Nunca olvidaré que la única opinión disonante era la de Osiris Troiani, de quien se mofaban porque defendía a Illia. Hasta que en una fuerte discusión levantó la voz: "¿Ustedes no se dan cuenta de que están serruchando la rama del árbol donde están sentados? ¡Después que lo echen a este viejo, los fascistas van a venir aquí a cerrar esta revista!". Osiris, que se había iniciado en el oficio durante los años nefastos de la mordaza peronista, sabía de qué hablaba. El tiempo le daría la razón.
Cuando las críticas se hicieron feroces y las águilas guerreras comenzaron a sobrevolar la casa rosada, ya no hubo retorno. A los generales golpistas no les importaba que el presupuesto, del cual ellos dependían, volviera a estar equilibrado, ni que la economía exhibiese una sólida recuperación. Tampoco les interesaba a los sindicalistas que el sector laboral, razón de ser de ellos mismos, tuviera pleno empleo y que recibiera más del cuarenta por ciento de la distribución del producto bruto interno. Era más fuerte la idea de que el gobierno no servía para nada y de que la tortuga debía ser reemplazada por un león, "un jefe de Estado con energía", como preanunciaban los analistas de entonces.
La proscripción del peronismo en el origen de aquel Gobierno le servía de pretexto a la alianza militar-sindical para descalificarlo. Pero era una excusa perversa, pues el golpe de Estado del 28 de junio de 1966 se haría finalmente para impedir las elecciones en la provincia de Buenos Aires, donde el peronismo hubiese podido ganar la gobernación y ampliar su bloque parlamentario, terminando de reintegrarse pacíficamente al sistema. Era lo que buscaba Illia. Su desalojo, en cambio, cerró los caminos, acunó a la guerrilla con sus asesinatos y generó la feroz represión que todos conocimos. La primera víctima fue Aramburu; le siguieron Vandor y Alonso. Después vino todo lo demás.

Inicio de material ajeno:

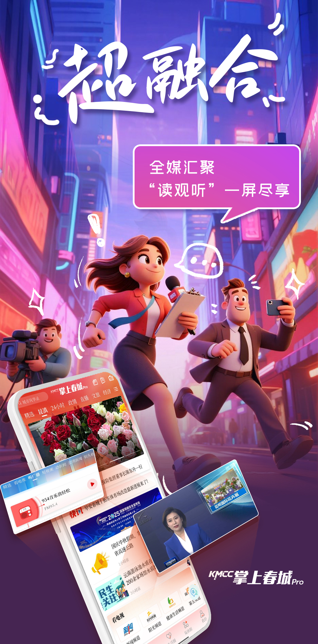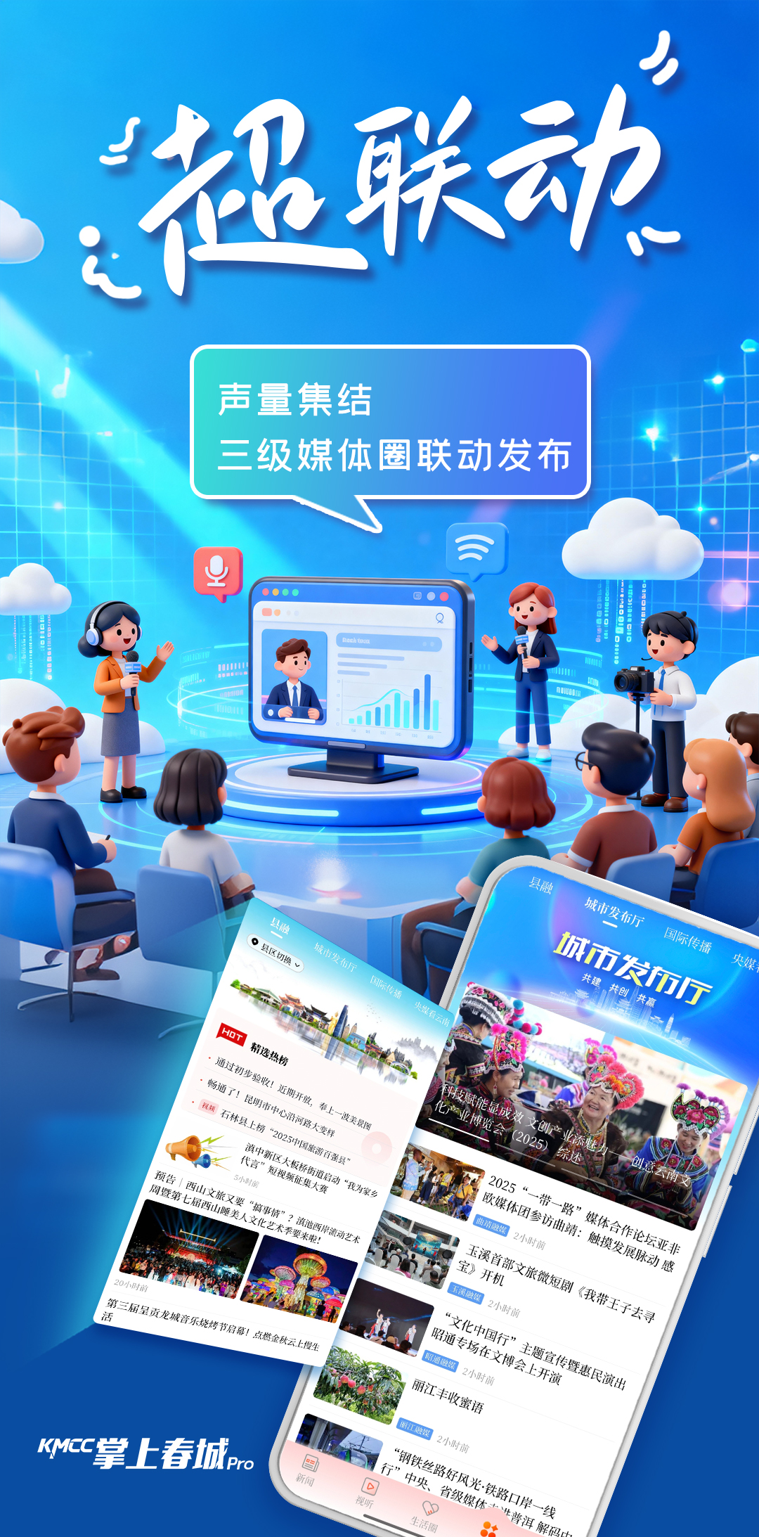 作为全国首批地市级融媒体中心试点城市,昆明市融媒体中心组建两年来,着力推进报业广电媒体优化融合,强化自主可控,突出移动优先,规划建设超级媒体服务平台:整合市级媒体优质品牌节目、栏目、账号;联动州市、县区一体传播;接入国际传播多语种发布平台、实用工具;赋能城市服务、治理、消费。以Pro版本超级客户端升级为引领,以先进技术为支撑,加快推进中心系统性变革。

Hoy la figura de Illia emerge de las tinieblas de nuestra historia política como un punto de referencia indiscutible. Todos terminarían pidiéndole disculpas, desde los militares que lo destituyeron hasta los periodistas que lo difamaron. Me enorgullezco de haber estado entre los pocos que lo defendían, aunque sin ser escuchado. Para cerrar esta nota vendría de perillas una frase con la que Troiani apostrofó a sus colegas cuando Onganía mandó clausurar Primera Plana y nos quedamos todos sin trabajo. Pero ésa es irreproducible.